Source data:
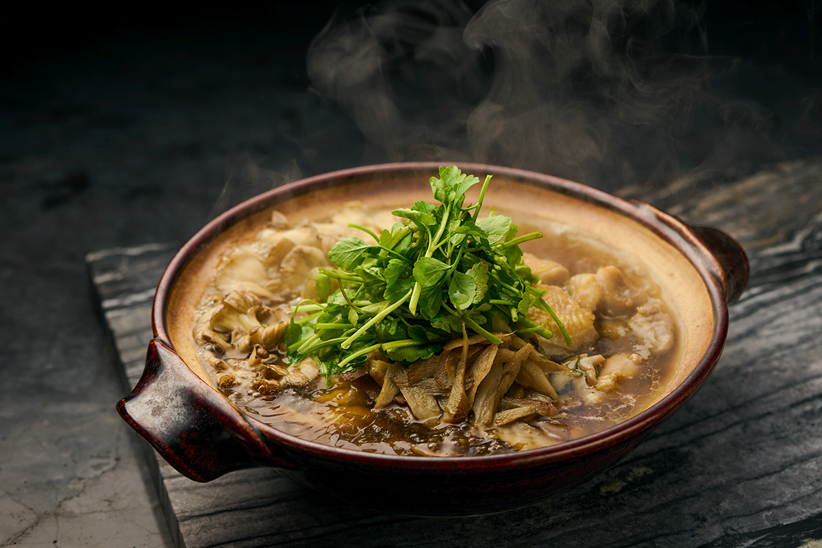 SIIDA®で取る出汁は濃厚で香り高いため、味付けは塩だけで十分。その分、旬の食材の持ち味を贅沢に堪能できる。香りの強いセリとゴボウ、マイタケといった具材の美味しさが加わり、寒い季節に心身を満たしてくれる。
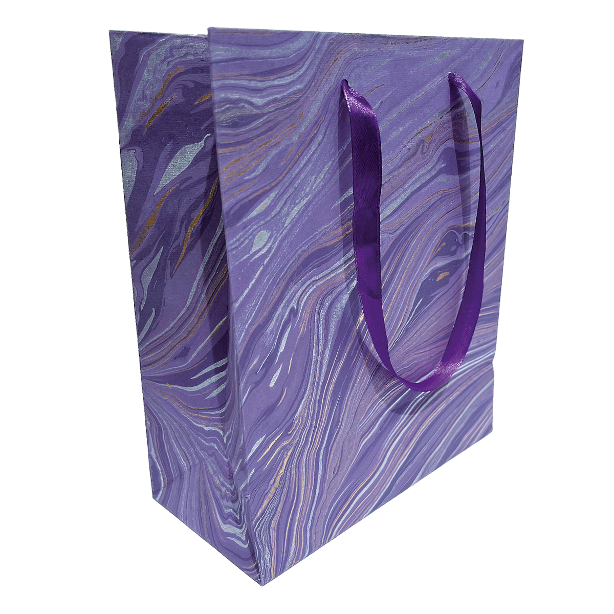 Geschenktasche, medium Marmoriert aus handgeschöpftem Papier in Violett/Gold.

--

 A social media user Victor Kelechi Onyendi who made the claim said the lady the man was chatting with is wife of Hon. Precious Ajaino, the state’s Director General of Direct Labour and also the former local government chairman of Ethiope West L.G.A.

...

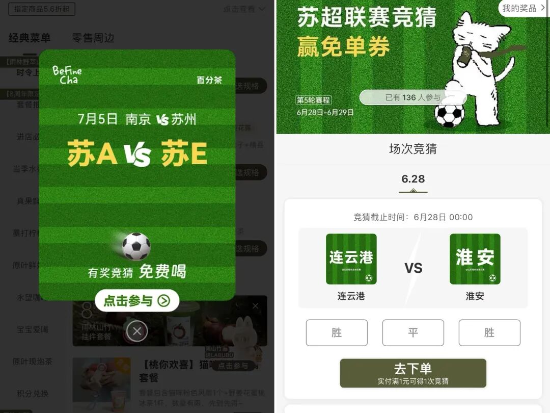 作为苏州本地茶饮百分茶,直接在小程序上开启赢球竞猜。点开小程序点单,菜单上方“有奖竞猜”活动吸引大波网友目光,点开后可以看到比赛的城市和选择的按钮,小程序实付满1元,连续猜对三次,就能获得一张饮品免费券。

How to complete this task: Please copy out from the data above, without any picture, exactly the lines running from the one that holds "SIIDA®で取る出汁は濃厚" through the one that holds "Geschenktasche, medium Marmoriert", and nothing beyond them.

Expected output:
 SIIDA®で取る出汁は濃厚で香り高いため、味付けは塩だけで十分。その分、旬の食材の持ち味を贅沢に堪能できる。香りの強いセリとゴボウ、マイタケといった具材の美味しさが加わり、寒い季節に心身を満たしてくれる。
 Geschenktasche, medium Marmoriert aus handgeschöpftem Papier in Violett/Gold.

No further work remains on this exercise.